Other efforts are more mundane but still critical, like weed-whipping the entire length of the trail each summer to keep underbrush and grass from obscuring the route.

Volunteers using hand tools on trail in forest

Carolyn Kaufman of Duluth clears brush on the Superior Hiking Trail.

Clint Austin / Duluth News Tribune

Sometimes, as in the case at Tettegouche State Park this spring when a flood took out the bridge over High Falls, nature dictates a reroute or construction project or both. Runoff is a constant issue along the steep North Shore ridge where the trail runs for much of its route.

In some cases, landowners don’t want the trail around anymore, or new owners don’t want the trail, so a new route is required. That happened near Gooseberry Falls State Park a few years ago, temporarily forcing the trail onto roads for 4.5 miles, including busy state Highway 61. The reroute has taken more than four years and $300,000 to complete but is now ready for hikers. A grand-opening celebration is planned for later this month.

“The goal for any trail like this is to avoid road walks wherever we can,” Luokkala said. “In some places, like in the city, it’s just not possible. In others, it takes time to find new routes and get them built.”

Other projects this summer included work on the Bean and Bear lakes trail segment near Silver Bay and a trail reroute in western Duluth near Stewart Creek, moving the trail off of Skyline Parkway and down to the DWP multiuse trail near the Magney-Snively forest.

Next summer the association will use electronic trail counters and human surveyors to get the first ever comprehensive count of how many hikers are actually using the trail each year.

Volunteers using hand tools on trail in forest

Volunteer education coordinator for the Superior Hiking Trails, Barbara Budd, talks to volunteers before heading out on the Superior Hiking Trail.
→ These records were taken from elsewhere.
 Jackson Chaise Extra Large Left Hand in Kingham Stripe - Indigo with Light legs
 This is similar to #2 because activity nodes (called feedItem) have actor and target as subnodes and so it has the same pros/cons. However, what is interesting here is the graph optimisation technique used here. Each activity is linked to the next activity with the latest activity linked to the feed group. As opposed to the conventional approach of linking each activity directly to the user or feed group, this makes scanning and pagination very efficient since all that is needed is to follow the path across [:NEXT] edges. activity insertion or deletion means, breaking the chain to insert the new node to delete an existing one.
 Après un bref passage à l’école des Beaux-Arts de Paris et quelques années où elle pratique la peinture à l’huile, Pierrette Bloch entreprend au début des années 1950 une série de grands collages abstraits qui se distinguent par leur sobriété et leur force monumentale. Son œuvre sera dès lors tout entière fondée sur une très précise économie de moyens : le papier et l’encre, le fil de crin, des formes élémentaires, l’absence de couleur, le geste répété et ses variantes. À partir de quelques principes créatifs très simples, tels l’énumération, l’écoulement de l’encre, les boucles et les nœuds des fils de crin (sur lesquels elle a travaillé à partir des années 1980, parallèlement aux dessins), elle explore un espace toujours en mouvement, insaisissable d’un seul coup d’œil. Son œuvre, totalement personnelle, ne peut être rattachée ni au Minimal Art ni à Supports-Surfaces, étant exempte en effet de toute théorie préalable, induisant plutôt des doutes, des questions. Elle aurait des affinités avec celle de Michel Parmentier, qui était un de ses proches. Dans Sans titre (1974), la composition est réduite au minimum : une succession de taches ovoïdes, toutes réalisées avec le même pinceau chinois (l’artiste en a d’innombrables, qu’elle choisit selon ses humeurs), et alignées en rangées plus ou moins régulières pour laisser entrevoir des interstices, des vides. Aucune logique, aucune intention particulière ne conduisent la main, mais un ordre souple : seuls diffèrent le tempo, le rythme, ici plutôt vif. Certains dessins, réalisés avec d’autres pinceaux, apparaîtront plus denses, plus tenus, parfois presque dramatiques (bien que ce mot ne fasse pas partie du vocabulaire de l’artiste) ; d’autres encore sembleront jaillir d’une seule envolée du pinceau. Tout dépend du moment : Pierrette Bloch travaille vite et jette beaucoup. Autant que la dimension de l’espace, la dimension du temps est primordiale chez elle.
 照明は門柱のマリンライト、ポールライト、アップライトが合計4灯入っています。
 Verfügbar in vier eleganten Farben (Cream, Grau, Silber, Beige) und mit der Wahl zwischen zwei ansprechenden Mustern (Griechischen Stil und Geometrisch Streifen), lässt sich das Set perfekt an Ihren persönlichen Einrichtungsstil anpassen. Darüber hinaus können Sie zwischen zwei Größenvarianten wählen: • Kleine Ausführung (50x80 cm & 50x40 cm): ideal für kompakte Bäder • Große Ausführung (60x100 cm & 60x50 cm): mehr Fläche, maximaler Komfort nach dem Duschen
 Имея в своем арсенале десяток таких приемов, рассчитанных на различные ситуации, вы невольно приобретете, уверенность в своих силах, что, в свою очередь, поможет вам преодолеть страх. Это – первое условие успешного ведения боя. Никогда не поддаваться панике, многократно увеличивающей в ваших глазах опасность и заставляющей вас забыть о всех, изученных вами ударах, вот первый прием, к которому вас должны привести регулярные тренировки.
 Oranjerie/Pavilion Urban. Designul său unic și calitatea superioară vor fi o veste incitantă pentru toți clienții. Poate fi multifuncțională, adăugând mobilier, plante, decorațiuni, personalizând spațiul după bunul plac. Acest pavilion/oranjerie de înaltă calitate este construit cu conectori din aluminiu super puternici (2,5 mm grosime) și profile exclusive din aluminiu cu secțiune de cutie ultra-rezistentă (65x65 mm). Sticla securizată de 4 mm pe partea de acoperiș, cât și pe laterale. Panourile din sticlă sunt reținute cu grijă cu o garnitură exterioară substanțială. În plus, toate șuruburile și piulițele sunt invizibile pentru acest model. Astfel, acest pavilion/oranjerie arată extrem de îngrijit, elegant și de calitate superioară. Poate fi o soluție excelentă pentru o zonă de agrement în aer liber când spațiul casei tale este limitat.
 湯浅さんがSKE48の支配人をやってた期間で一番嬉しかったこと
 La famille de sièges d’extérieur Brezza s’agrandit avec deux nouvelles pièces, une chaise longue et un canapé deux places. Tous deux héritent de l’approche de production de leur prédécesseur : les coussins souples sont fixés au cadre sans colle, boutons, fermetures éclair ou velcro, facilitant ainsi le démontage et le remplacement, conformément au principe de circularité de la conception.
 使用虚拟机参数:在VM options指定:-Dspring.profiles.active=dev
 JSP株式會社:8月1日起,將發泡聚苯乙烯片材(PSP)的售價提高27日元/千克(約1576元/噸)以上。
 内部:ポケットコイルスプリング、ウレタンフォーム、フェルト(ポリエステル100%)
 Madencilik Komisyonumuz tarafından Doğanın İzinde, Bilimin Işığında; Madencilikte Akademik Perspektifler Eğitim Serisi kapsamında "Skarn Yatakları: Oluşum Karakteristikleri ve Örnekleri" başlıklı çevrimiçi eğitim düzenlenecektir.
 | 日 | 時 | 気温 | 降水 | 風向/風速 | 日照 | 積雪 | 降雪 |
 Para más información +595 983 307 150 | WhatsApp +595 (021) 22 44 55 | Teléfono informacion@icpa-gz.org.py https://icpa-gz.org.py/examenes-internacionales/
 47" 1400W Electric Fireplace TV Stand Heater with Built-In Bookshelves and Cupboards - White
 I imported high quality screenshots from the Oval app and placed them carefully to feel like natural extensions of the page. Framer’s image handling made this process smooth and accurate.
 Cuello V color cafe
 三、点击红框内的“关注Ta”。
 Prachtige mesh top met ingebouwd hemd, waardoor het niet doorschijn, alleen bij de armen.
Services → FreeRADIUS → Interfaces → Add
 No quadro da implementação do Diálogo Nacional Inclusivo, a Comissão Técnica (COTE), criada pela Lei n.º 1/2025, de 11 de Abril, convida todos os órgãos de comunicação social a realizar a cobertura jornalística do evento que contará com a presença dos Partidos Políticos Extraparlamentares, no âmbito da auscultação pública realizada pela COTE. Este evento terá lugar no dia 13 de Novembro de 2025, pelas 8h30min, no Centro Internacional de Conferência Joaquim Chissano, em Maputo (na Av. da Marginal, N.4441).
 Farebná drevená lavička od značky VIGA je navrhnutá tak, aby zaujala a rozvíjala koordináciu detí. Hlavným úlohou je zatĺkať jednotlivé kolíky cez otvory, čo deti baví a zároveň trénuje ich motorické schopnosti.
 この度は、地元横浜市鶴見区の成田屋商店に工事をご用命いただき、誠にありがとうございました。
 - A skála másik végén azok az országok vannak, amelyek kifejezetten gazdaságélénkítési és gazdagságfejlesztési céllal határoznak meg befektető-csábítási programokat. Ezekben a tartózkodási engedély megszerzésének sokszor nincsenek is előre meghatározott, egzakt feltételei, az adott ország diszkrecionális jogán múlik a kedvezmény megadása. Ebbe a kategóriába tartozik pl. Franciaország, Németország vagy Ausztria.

Clint Austin / Duluth News Tribune

John Gellatly of Duluth is one of those volunteers who keeps coming back to help. Already this year he’s put in 66 hours of volunteer work, mostly on trails in western Duluth where he grew up playing in the same woods.

“I’ve always liked hiking the trail. … But I started feeling guilty for having this really well-maintained trail to use and I wasn’t giving back at all,” said Gellatly, 67. “So I started volunteering after I retired. … I really enjoy the work. It’s a great chance to be out in the woods.”

Gellatly and his wife, Tracey, hiked the entire length of trail over 13 months in 2018 and 2019. Now he’s in charge of maintaining a 5-mile section of the trail in western Duluth’s thick forest near Spirit Mountain, part of a growing list of people who adopt sections of trail.

“We do the things you can do on our own, or with a little help, and then we call in the contractors if there’s a big tree down, or lots of trees down, or a bridge out or something,” said Gellatly, who lives just a 5-minute walk from the tail.

“We are so lucky to have this amazing resource,” he said. “I’m just glad so many people are using it.”

Learn how to fix a hiking trail

Superior Hiking Trail Association staff have been offering several group events this summer teaching new people how to become trail volunteers. Experienced crew leaders offer tips on how to keep brush and water off the trail. No experience is necessary. All tools and training are provided. The next training event is set for Saturday, Sept. 10 from 9 a.m. to 12:30 p.m. at the Normanna Road trailhead just north of Duluth. Expect less than a 1-mile hike from the trailhead to the project. To sign up, or for more information, go to

superiorhiking.org/volunteer

.

Trail project near Lutsen needs 100 volunteers

The Superior Hiking Trail Association needs 100 volunteers for a 5-day trail renewal project Sept. 20-24 to rehabilitate a half-mile of the Superior Hiking Trail near Lutsen. The project will need 20 people per day to rehabilitate damaged tread between the Poplar River Bridge at Lutsen Mountains and the trail’s Mystery Mountain campsite.

Volunteers will join professional trail builder Tim Malzhan on the project. Activities will include hardening the trail surface, building rock structures, preparing wood materials for future construction, building drainage features and reshaping tread with hand tools.

No experience is necessary. All tools and training will be provided. Expect a 0.3-mile hike from the trailhead to the project.

The project is open to anyone who is physically able to help. Youth ages 12-17 are welcome if they are accompanied by a parent or guardian. Free camping is available nearby, but you have to have your own transportation. Tools also are provided. (And it should be just about peak color for maple trees in the area.)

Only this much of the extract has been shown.